Study material:
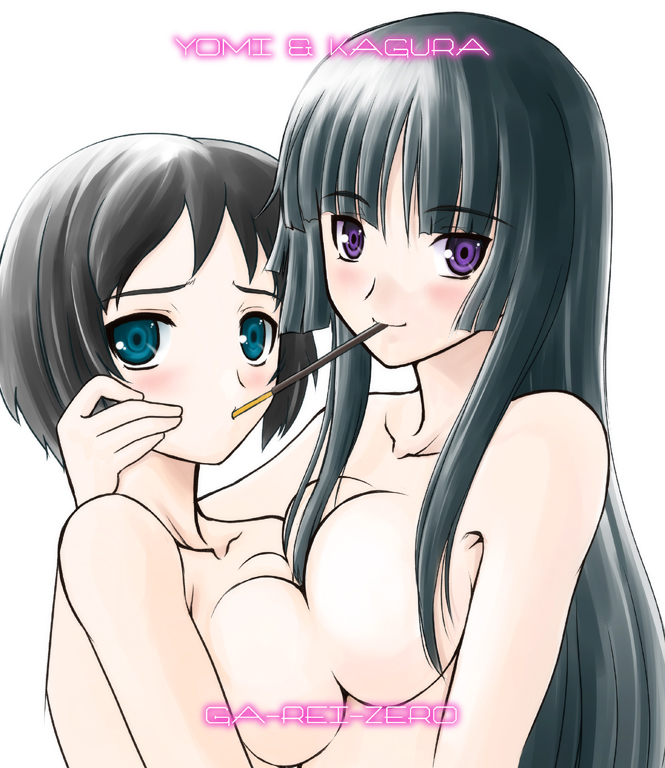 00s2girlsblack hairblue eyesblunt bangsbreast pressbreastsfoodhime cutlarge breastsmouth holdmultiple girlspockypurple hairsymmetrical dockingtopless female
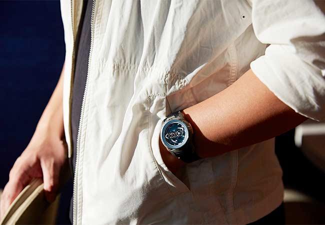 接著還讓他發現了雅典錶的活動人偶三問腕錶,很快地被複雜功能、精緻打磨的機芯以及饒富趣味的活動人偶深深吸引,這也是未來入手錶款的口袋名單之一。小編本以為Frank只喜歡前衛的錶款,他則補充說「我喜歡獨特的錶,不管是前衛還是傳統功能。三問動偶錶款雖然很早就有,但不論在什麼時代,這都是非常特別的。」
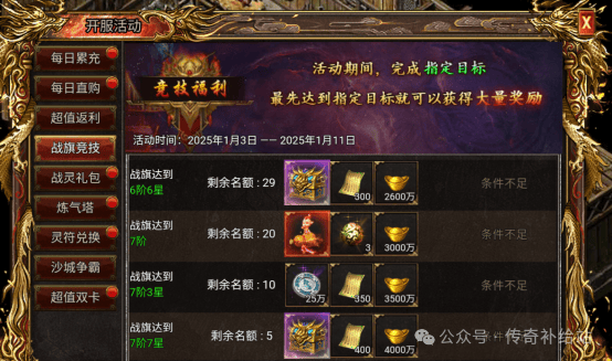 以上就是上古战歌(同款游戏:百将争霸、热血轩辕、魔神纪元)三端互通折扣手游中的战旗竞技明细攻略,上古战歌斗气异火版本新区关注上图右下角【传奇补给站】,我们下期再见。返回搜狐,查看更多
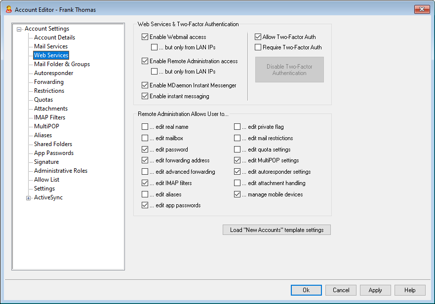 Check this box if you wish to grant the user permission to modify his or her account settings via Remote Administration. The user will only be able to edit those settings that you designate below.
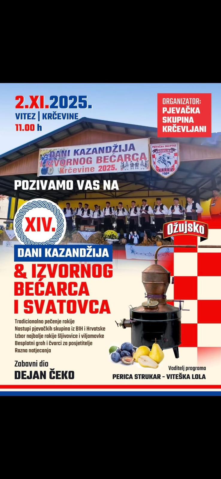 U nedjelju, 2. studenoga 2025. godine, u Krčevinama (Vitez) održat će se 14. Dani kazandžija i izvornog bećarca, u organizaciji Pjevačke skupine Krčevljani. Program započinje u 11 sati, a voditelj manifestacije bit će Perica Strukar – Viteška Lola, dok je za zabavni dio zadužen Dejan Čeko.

What to produce:
Pictures are to be dropped, and the lines from the line with "Check this box" through the end of the material above are to be reproduced exactly.

Expected answer:
 Check this box if you wish to grant the user permission to modify his or her account settings via Remote Administration. The user will only be able to edit those settings that you designate below.
 U nedjelju, 2. studenoga 2025. godine, u Krčevinama (Vitez) održat će se 14. Dani kazandžija i izvornog bećarca, u organizaciji Pjevačke skupine Krčevljani. Program započinje u 11 sati, a voditelj manifestacije bit će Perica Strukar – Viteška Lola, dok je za zabavni dio zadužen Dejan Čeko.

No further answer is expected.